You might be on to something there. Remember the old days when there was a single, clearly labeled, Supplemental Index? And then it went away - with many of us suspecting that several different kinds of "supplemental" partitions had been introduced into Google's data storage?
So what if... low priority URLs are tucked away in second or third level storage somewhere and the regular site: operator doesn't access that data. But make the search more complex by asking for site:example.com/directory/ and voila! you force the look-up to go into the dark corners of the data center.
It looks likely that the site:tool has been accurate all along and that it is a potential good health checker to see what can rank and not rank more easily at a glance.
Is this the only way to check if a site's URL's are in the " secondary " index ? ( I don't think it's known as the supplemental index anymore )?
I think there's more than one "secondary" index at this point, and I don't know of any accurate way to probe into them - wish I did.

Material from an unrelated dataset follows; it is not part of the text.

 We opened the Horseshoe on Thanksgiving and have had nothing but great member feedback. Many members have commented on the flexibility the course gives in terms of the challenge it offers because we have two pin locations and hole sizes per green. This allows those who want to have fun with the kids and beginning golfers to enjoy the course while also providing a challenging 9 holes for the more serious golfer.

Supplementary index for sure, I think this is also tied into mayday. Either the supplementary index is being used as a test bed for caffine before going live or the mayday update was in fact a tweak to the minimum link juice a page requires before it is in the main index. It is likely your pages have gone to the supplemental index for reevaluation and will be added back to the main index shortly.

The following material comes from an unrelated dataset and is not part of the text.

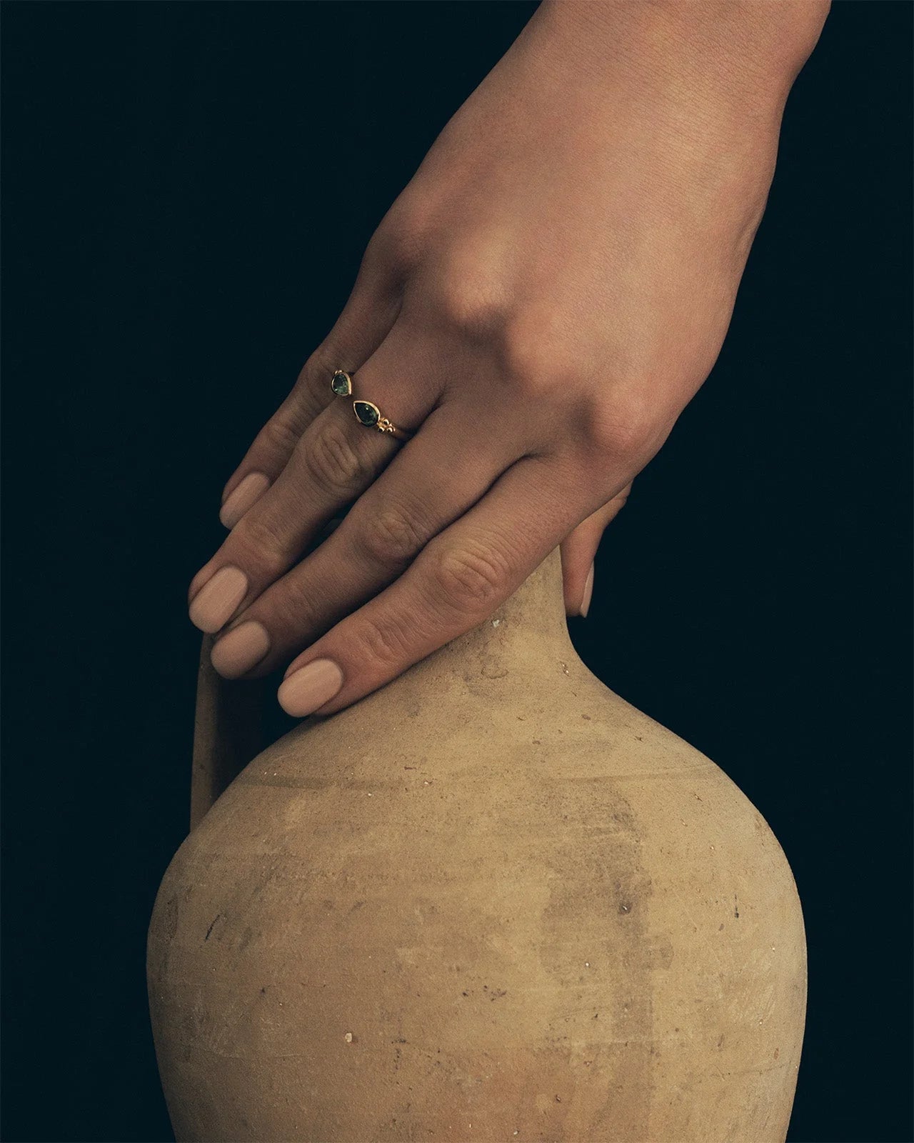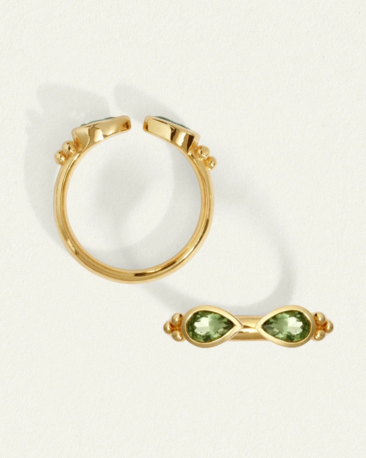 The Sarra Ring Apatite Gold in 18K Gold Vermeil is adorned with two pear cut Green Apatite gemstones. The Green Apatite represents abundance and new growth, honouring Persephone the goddess of Spring. An open circle, the Sarra Ring Apatite Gold speaks to possibilities and the vitality of renewal.

WebmasterWorld has around a million pages in this supplementery index, it is easy to 'probe' site:domain.com will return main index pages. site:domain.com -lasdkjf (or any spelling mistake) will confuse google so it looks in the supplementary index and will return total pages it has for you. A simple trick but seems to be accurate.
I think what happened with mayday is the the minimum required link juice to enter into the main index was tweaked upwards, therfor the need for deeplinking to create link juice further down into the body of a site has increased substantially the link juice ripples are not strong enough from the home page. It also means for larger sites with lots of pages the link juice is getting spread so thin amongst lots of pages these are now below the main index threshold.
|It also means for larger sites with lots of pages the link juice is getting spread so thin amongst lots of pages these are now below the main index threshold. |
If that is the case, now more than ever is the time for e-commerce sites to link directly from the main body of text on their homepage to their items which generate the highest revenue. I would even link from category pages that have a lot of link juice but may not be related to the product.
To validate the -wording in the string, I have used:
for several years with great results. By great, I mean:
site:examplesite.tld = 150 results
-adfhadfhadha site:examplesite.tld = 400 results (Shows supplemental results count)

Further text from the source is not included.